*** DATA ***

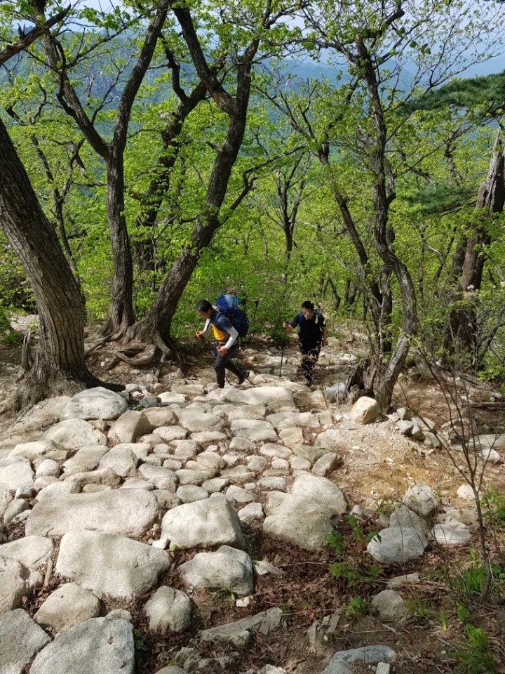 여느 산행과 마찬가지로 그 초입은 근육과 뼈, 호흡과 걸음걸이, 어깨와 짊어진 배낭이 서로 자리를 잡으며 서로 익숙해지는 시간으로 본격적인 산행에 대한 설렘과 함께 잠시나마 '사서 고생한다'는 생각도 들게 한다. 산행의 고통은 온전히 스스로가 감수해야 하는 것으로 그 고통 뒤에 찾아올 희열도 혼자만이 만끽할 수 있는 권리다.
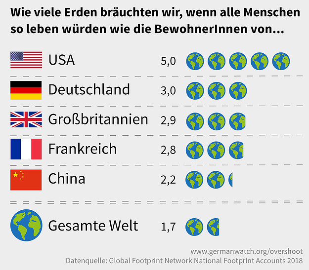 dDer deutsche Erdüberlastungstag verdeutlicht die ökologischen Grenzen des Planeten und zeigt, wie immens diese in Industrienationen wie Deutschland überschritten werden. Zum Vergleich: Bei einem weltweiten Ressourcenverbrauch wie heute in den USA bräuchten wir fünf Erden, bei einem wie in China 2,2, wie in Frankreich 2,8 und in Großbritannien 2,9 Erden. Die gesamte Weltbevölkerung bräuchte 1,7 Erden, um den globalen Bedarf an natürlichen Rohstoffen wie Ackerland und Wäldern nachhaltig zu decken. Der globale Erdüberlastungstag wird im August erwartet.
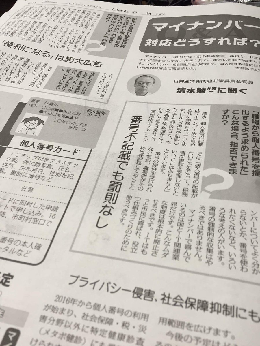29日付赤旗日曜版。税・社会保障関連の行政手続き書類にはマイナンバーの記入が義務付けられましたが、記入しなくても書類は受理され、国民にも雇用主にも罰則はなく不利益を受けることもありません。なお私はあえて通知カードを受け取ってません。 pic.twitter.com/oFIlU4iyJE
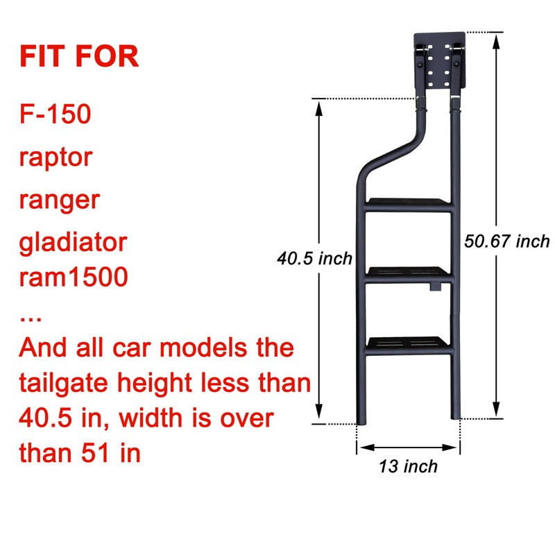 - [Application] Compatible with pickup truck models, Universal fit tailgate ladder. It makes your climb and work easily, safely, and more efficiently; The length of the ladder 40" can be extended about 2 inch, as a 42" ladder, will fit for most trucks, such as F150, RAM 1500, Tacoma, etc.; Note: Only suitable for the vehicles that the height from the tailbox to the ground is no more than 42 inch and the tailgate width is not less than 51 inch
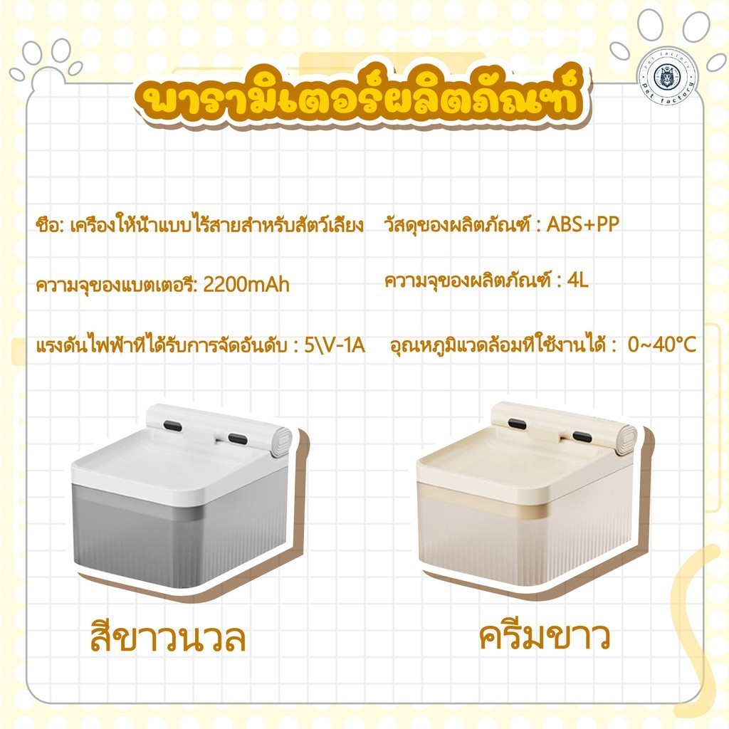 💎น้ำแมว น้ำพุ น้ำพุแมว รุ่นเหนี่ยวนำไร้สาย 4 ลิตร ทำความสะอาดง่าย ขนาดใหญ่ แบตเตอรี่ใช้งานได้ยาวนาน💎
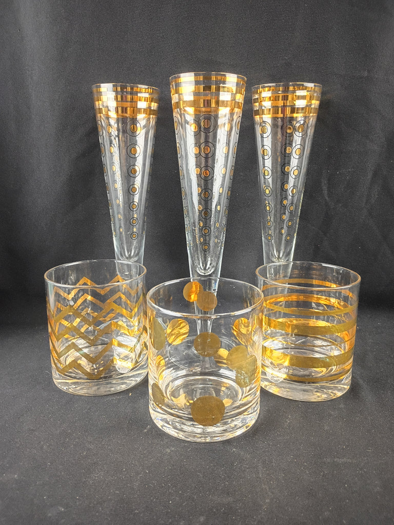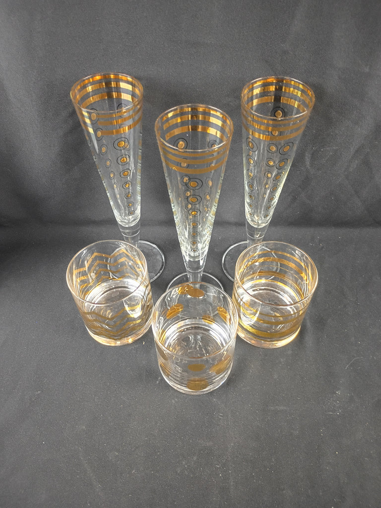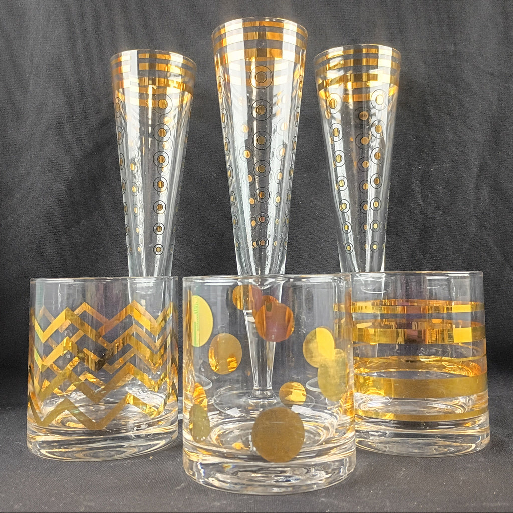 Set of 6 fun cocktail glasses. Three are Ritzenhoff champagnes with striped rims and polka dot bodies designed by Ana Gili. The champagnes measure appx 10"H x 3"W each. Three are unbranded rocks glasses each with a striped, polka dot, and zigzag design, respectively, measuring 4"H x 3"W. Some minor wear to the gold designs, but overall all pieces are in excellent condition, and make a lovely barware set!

*** End of DATA ***
*** DATA ***

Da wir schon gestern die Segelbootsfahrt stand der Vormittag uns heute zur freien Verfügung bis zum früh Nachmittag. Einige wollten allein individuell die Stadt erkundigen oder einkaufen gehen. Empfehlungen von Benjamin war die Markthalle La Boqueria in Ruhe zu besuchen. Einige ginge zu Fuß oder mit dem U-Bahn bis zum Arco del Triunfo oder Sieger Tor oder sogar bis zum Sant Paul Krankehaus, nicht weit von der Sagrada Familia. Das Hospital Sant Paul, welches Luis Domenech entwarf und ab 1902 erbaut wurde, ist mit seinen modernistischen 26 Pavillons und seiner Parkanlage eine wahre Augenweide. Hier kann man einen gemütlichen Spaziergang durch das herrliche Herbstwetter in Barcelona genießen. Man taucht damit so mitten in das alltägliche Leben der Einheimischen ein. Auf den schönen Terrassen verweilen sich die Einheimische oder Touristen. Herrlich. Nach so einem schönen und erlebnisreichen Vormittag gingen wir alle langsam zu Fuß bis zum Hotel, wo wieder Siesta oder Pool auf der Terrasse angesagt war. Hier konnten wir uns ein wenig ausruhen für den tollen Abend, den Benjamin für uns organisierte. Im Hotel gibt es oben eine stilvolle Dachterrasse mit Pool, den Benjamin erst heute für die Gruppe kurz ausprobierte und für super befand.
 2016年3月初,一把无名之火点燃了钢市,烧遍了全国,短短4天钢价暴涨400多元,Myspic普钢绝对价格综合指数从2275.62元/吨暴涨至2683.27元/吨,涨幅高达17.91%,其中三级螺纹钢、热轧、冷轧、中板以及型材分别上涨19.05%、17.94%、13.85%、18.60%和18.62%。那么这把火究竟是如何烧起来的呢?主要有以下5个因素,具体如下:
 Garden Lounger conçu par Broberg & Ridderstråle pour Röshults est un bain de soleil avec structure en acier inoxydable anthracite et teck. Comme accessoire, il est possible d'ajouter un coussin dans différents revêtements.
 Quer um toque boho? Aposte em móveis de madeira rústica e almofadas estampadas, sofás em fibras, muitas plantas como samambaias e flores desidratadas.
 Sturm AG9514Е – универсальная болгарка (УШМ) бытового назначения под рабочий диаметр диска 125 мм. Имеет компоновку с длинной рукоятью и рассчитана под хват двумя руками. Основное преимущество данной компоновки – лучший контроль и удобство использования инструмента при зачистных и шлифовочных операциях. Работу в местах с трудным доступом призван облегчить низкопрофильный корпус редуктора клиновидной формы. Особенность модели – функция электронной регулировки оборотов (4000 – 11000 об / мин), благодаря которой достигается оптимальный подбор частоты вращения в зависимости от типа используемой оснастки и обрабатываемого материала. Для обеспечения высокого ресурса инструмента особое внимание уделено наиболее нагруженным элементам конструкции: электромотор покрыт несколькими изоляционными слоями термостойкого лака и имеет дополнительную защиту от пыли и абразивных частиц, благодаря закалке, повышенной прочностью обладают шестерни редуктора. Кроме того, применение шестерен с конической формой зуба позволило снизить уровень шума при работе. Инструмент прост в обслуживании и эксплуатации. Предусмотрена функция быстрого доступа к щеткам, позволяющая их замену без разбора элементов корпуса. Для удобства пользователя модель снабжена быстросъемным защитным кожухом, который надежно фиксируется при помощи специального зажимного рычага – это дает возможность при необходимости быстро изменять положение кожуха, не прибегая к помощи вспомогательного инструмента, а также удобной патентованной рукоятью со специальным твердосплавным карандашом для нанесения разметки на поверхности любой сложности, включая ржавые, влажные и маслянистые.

*** End of DATA ***
*** DATA ***

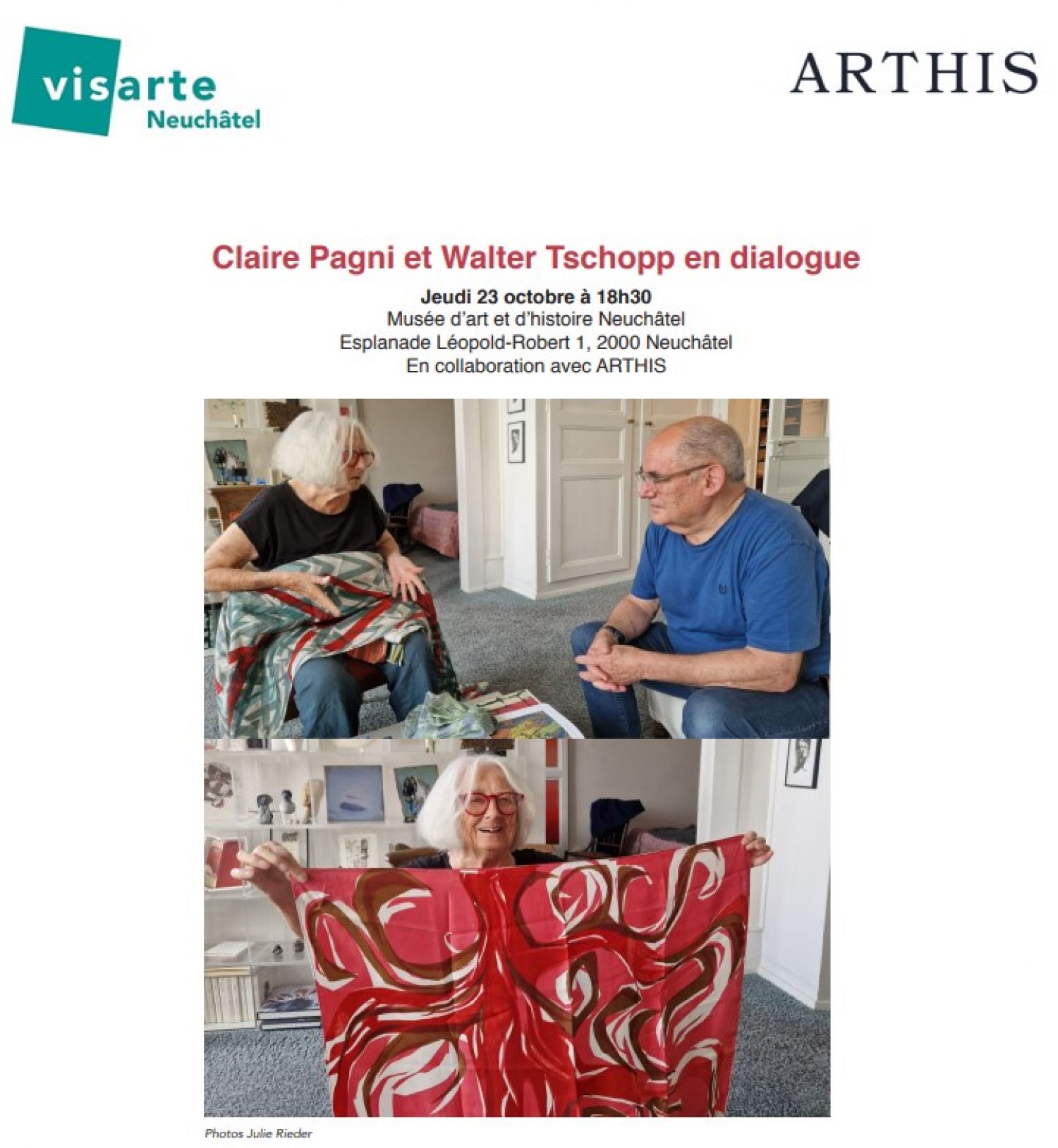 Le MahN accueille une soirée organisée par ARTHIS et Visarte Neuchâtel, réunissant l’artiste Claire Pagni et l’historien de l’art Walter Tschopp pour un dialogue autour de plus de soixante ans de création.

*** End of DATA ***

■ **WHAT THIS TASK INVOLVES**
Both the line above containing "여느 산행과 마찬가지로" and the line containing "ทำความสะอาดง่าย ขนาดใหญ่ แบตเตอรี่ใช้งานได้ยาวนาน💎" belong in the copy, along with every line between them; print these exactly and omit the pictures.

■ **TASK SOLUTION**
 여느 산행과 마찬가지로 그 초입은 근육과 뼈, 호흡과 걸음걸이, 어깨와 짊어진 배낭이 서로 자리를 잡으며 서로 익숙해지는 시간으로 본격적인 산행에 대한 설렘과 함께 잠시나마 '사서 고생한다'는 생각도 들게 한다. 산행의 고통은 온전히 스스로가 감수해야 하는 것으로 그 고통 뒤에 찾아올 희열도 혼자만이 만끽할 수 있는 권리다.
 dDer deutsche Erdüberlastungstag verdeutlicht die ökologischen Grenzen des Planeten und zeigt, wie immens diese in Industrienationen wie Deutschland überschritten werden. Zum Vergleich: Bei einem weltweiten Ressourcenverbrauch wie heute in den USA bräuchten wir fünf Erden, bei einem wie in China 2,2, wie in Frankreich 2,8 und in Großbritannien 2,9 Erden. Die gesamte Weltbevölkerung bräuchte 1,7 Erden, um den globalen Bedarf an natürlichen Rohstoffen wie Ackerland und Wäldern nachhaltig zu decken. Der globale Erdüberlastungstag wird im August erwartet.
29日付赤旗日曜版。税・社会保障関連の行政手続き書類にはマイナンバーの記入が義務付けられましたが、記入しなくても書類は受理され、国民にも雇用主にも罰則はなく不利益を受けることもありません。なお私はあえて通知カードを受け取ってません。 pic.twitter.com/oFIlU4iyJE
 - [Application] Compatible with pickup truck models, Universal fit tailgate ladder. It makes your climb and work easily, safely, and more efficiently; The length of the ladder 40" can be extended about 2 inch, as a 42" ladder, will fit for most trucks, such as F150, RAM 1500, Tacoma, etc.; Note: Only suitable for the vehicles that the height from the tailbox to the ground is no more than 42 inch and the tailgate width is not less than 51 inch
 💎น้ำแมว น้ำพุ น้ำพุแมว รุ่นเหนี่ยวนำไร้สาย 4 ลิตร ทำความสะอาดง่าย ขนาดใหญ่ แบตเตอรี่ใช้งานได้ยาวนาน💎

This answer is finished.